Это множество разных серверов, на каждом из которых может быть от одного блога, до нескольких тысяч, которые используют самый разный софт, кому какой удобно, самую разную политику по отношению к содержимому и так далее, но при этом все позволяют комментировать друг у друга без дополнительной регистрации на каждом сервисе, и обеспечивает устойчивость к высоким нагрузкам, то есть каждый блог тем доступнее, чем больше людей его регулярно читают.
Последнее можно достаточно легко организовать, если в рамках создания френдленты - общей ленты читаемых пользователем постов, кэшировать у себя все читаемые им блоги, позволять в кэшированных копиях комментировать.
Потребуется, конечно, какая-нибудь процедура для поиска пользователем наиболее доступной (либо ближайшей, либо наименее загруженной) копии блога. Но по-моему, чего нельзя категорически, так это требовать ради этого наличия у пользователя какого-либо софта, кроме стандартного браузера. Читать блоги должен иметь возможность любой аноним с браузером. Писать/комментировать - уже можно предъявлять несколько более высокие требования.

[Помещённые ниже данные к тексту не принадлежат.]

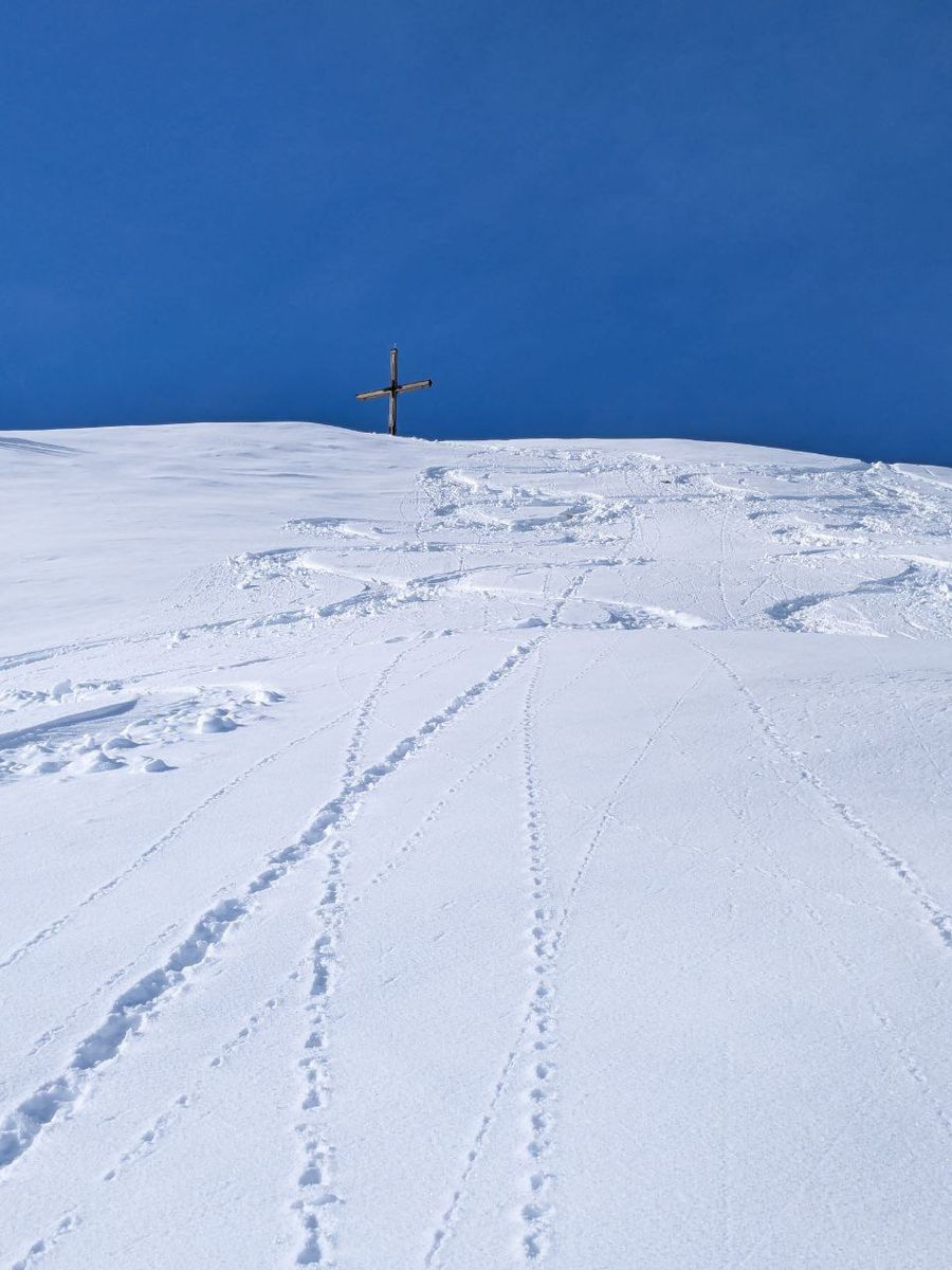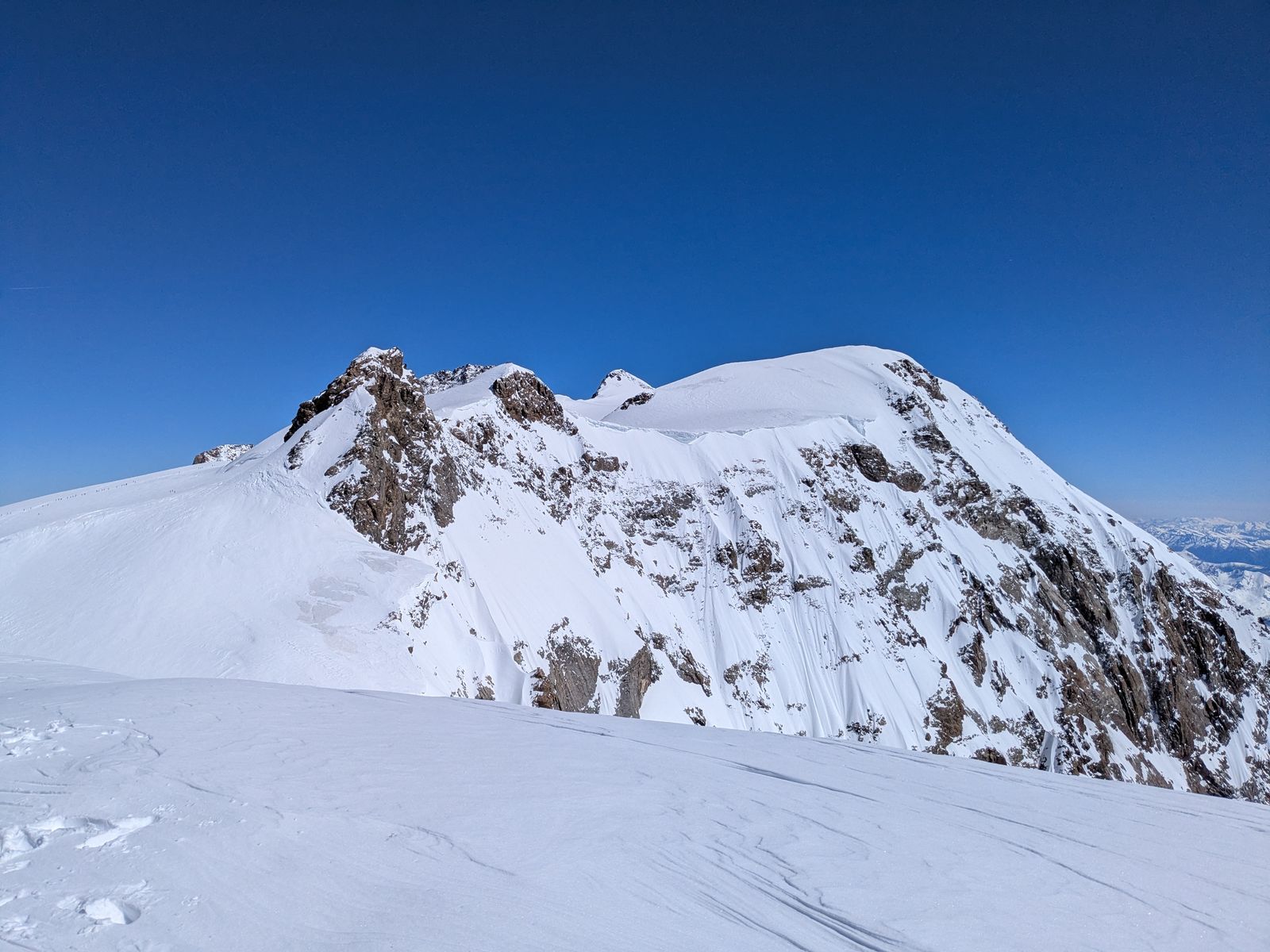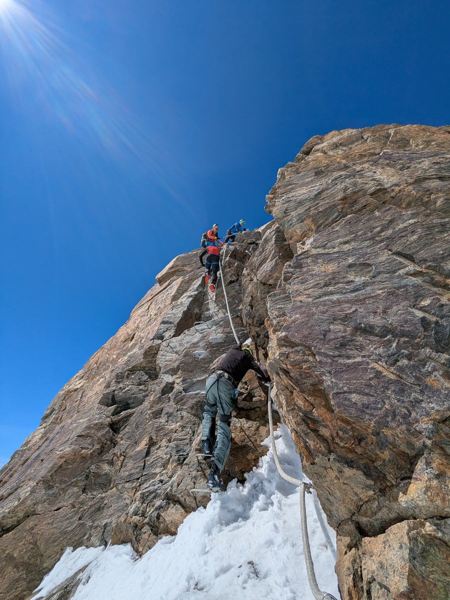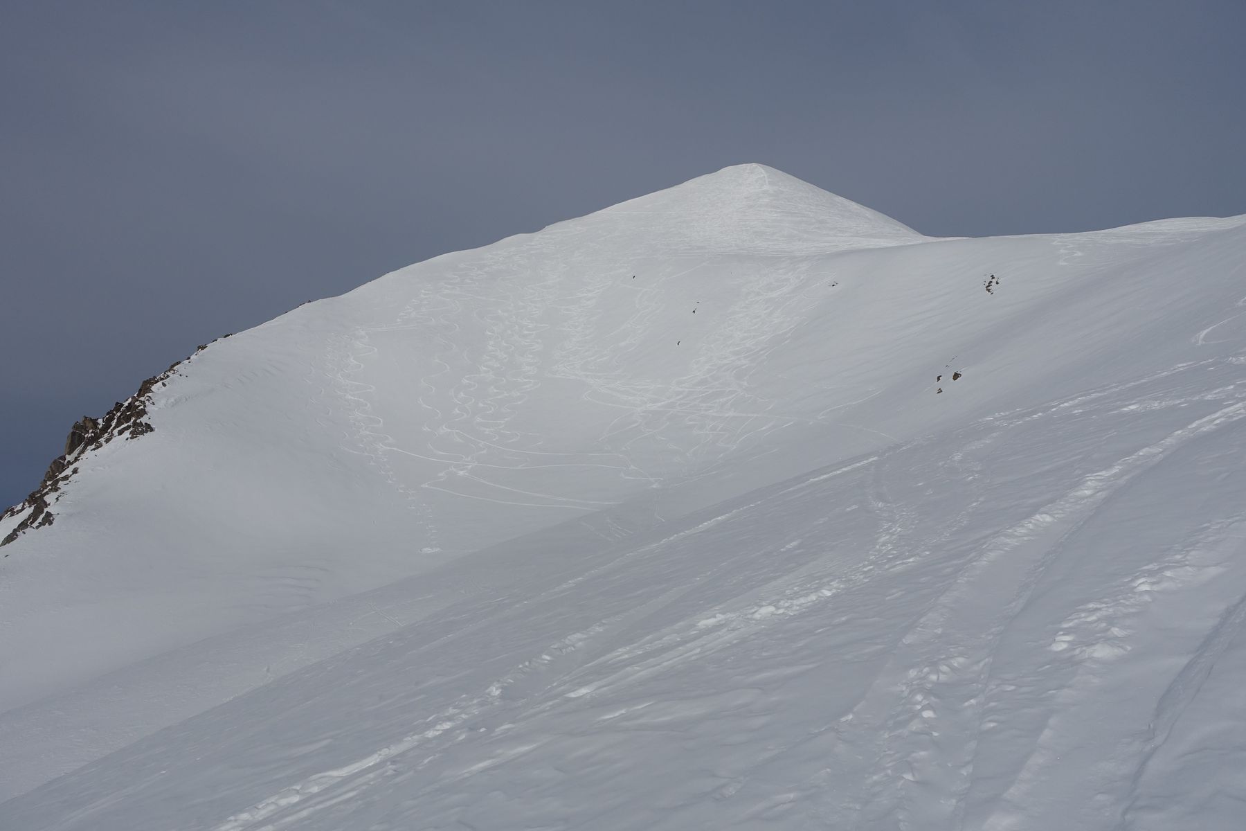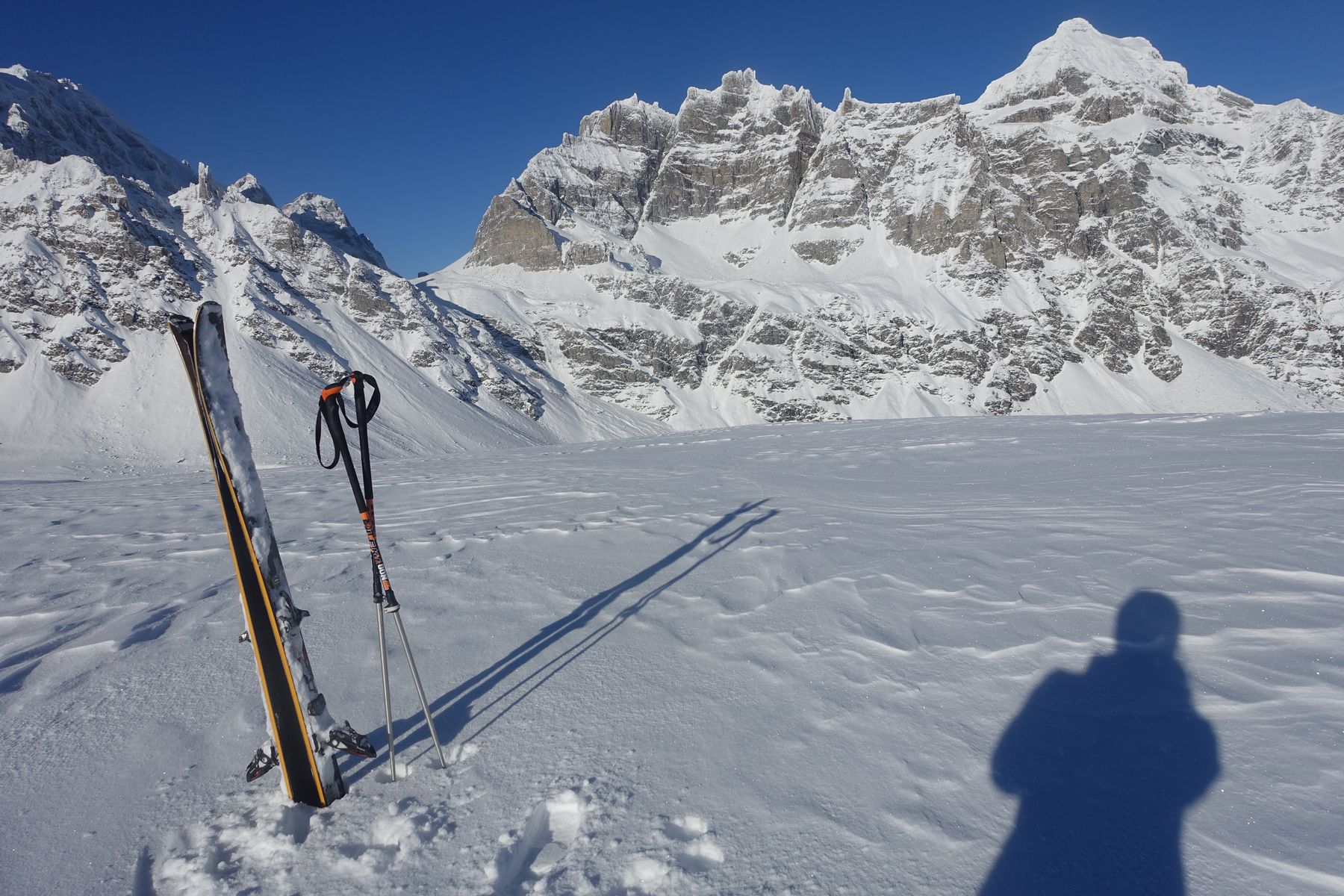 Bei knapp 1000 Hm haben wir die Pyramide problemlos erreicht. Gegenüber steht der Balmenhorn, wo man mit einem kurzen Klettersteig eine Christusstatue ("Cristo delle vette") und einen Biwakschachtel erreichen kann. Von der Pyramide waren es vielleicht 200 hm Abfahrt und 100 hm Gegenanstieg. Aus Zeitgründen haben wir auf den dritten Gipfel (Ludwigshöhe) verzichtet und sind auf nicht optimalen windgepressten Schnee zurückgefahren.

Но опять же надо зарекаться на то, что родной любимый сервер данного пользователя может быть в данный момент offline - то-ли затоплен водой вместе с датацентом каким-нибудь ураганом, то-ли конфискован злой полицией тоталитарного режима какого-нибудь Тувалу.
Я уже как-то раз предлагал систему аутентификации, основанную на встроенной в браузеры поддержку авторизации по клиентским сертификатам в HTTPS. Благо, утверждение, что сертификат обязательно должен быть выдан каким-нибудь коммерческим удостоверяющим центром - это неправда, и наш серверный софт вполне может работать удостоверяющим центром для своих клиентов. Это хорошо тем, что
- Используются надежные криптографические алгоритмы и протоколы.
- В этих протоколах предусмотрен срок действия сертификатов
- Предусмотрена процедура отзыва.
Плоха эта процедура в первую очередь тем, что требует наличия закрытого ключа на компьютере пользователя. На самом деле есть ещё андроиды <4, которые не умеют работать с посторонними удостоверяющими центрами, и более новые андроиды, которые не хотят с ними работать, если отключены блокировка устройства.
Но вот придумать процедуру авторизации, которая не требовала бы наличия в интернете (в данный момент) сервера, которому пользователь полностью доверяет, и на котором можно хранить секрет, и не требовала хранения какого-то достаточно объемного (не вмещающегося в человеческую память) секрета при пользователе, довольно сложно. Хэшированный пароль с солью - это секрет. Его нельзя делать публично доступным, как это было в юниксах 1970 года - словарные атаки на современном железе весьма эффективны. В принципе, можно попробовать распространять вместе с RSS-фидом блога что-нибудь симметрично-зашифрованное с помощью PBKDF2 или scrypt. Тогда серверный софт несущий любую копию данного блога сможет аутентифицировать его владельца.
Тут возникает, правда, вопрос, а достаточно ли доверяет пользователь серверу, на который он пришёл комментировать, чтобы вводить там пароль, дающий доступ ко всем копиям его блога? Собственно одна из причин распространения протоколов вроде OpenID и OAuth заключается в том, что свой пароль пихать куда попало не следует.